Worry 1. The authors wish to study replications of Bem's work. This means they should only consider studies that were inspired by Bem (2011). A quick look at Table A1 shows that very many studies in the meta-analysis preceded Bem, sometimes by as much as 10 years. It is possible that the earlier studies had advance access to Bem’s protocol, but if this is the case it should be made clear from the outset. A related worry is that skeptics only got interested after the publication of Bem (2011). Hence, I believe that there may be a difference between replications “pre-Bem” (conducted and reported by proponents only) and “post-Bem” (conducted by proponents and skeptics alike). This is a factor that should be taken into account. Perhaps the size of the effect suddenly decreased after 2011?
Indeed, when I consider only those psi replications that have been published post-Bem, I find Galak, Ritchie, Robinson, Subbottsky, Traxler, and Wagenmakers (the Hitchman studies seemed to be about creativity and luck, so I did not incorporate that study; including it does not change the pattern of results). Below is a table of their experiments and effect sizes:
|Galak Exp 1||112||-0.113|
|Galak Exp 2||158||0|
|Galak Exp 3||124||0.110|
|Galak Exp 4||109||0.170|
|Galak Exp 5||211||0.050|
|Galak Exp 6||106||-0.029|
|Galak Exp 7||2469||-0.005|
|Ritchie Exp 1||50||0.016|
|Ritchie Exp 2||50||-0.222|
|Ritchie Exp 3||50||-0.041|
|Subbotsky Exp 1||75||0.282|
|Subbotsky Exp 2||25||0.302|
|Subbotsky Exp 3||26||-0.412|
|Traxler Exp 1||48||.060|
|Traxler Exp 2||60||-.346|
When it comes to a proper assessment of the replication success for Bem’s studies, I think the above table is the correct one. I did not conduct the meta-analysis but from eyeballing the numbers it seems that there is nothing there whatsoever. The fact that this picture is changed by adding the other studies supports the assertion that they are contaminated by researcher bias and a lack of control over the analysis procedure.
Background for Worry 2: A meta-analysis is sometimes likened to the goose who eats garbage and produces golden eggs. In fact, it is more apt to recall the saying “garbage in, garbage out”; when a meta-analysis is unleashed on a set of biased studies, the result is likely to be incorrect and misleading.
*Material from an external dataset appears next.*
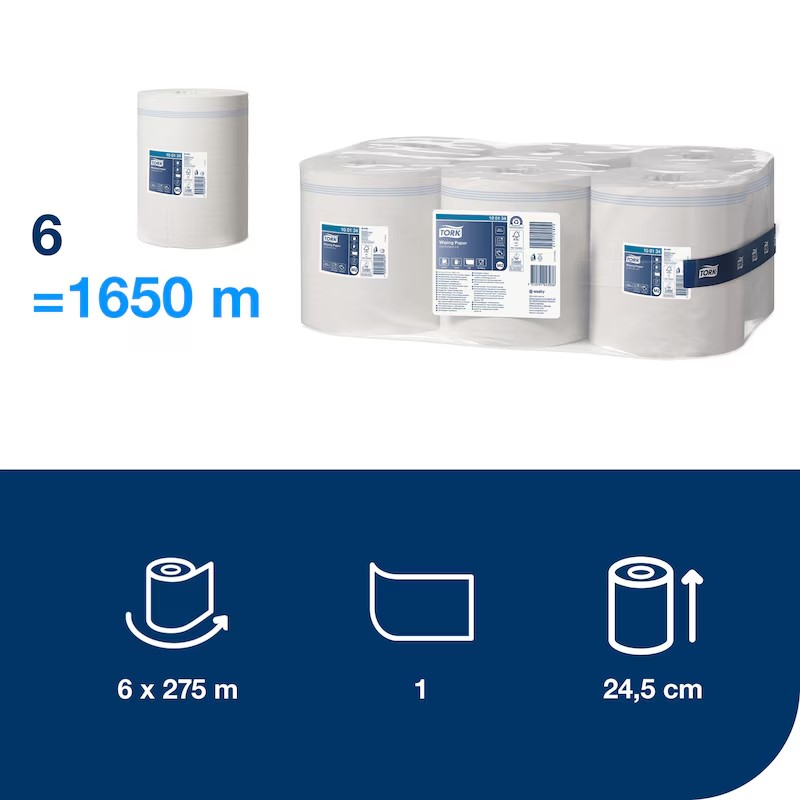 • Az egyrétegű, többcélú Tork törlőpapír enyhébb szennyeződések feltörléséhez és kéztörléshez ideális.

Worry 2. A meta-analysis is only reliable when the individual studies are reliable. When the individual studies tend to be biased towards “discovering” psi, the meta-analysis is useless and will just confirm the presence of researcher bias rather than psi. Some of the studies that tried to replicate Bem prevented cherry-picking and data torture by using preregistration. Only with preregistration can we be somewhat certain that the results are clean. Bem’s own studies, for instance, are tainted by all kinds of post-hoc procedures in order to present the results in the most favorable light. This was common practice in the field, and it still is. For a subject that is as contentious as psi, only studies with preregistration should be allowed in the meta-analysis.
Background for Worry 3: Bem et al. deem replication studies suspect when they do not use the same software program as the original study. This is odd.
Worry 3. Never before did I hear of the idea that a precise replication is one that uses the same software program. One reason not to use the original program is that it capitalized on chance by presenting many different sorts of pictures. Another reason is that the design of specific experiments was suboptimal (e.g., not counterbalanced). When the authors argue that the Galak experiments (and my own) are not direct replications they make it quite clear that their purpose is to present evidence for the presence of psi, regardless of any inconvenient facts that they may encounter along the way.
Background for Worry 4: Bayes factors (BFs) for related experiments may not simply be multiplied. This worry is important, because it affects the analysis of more traditional studies as well.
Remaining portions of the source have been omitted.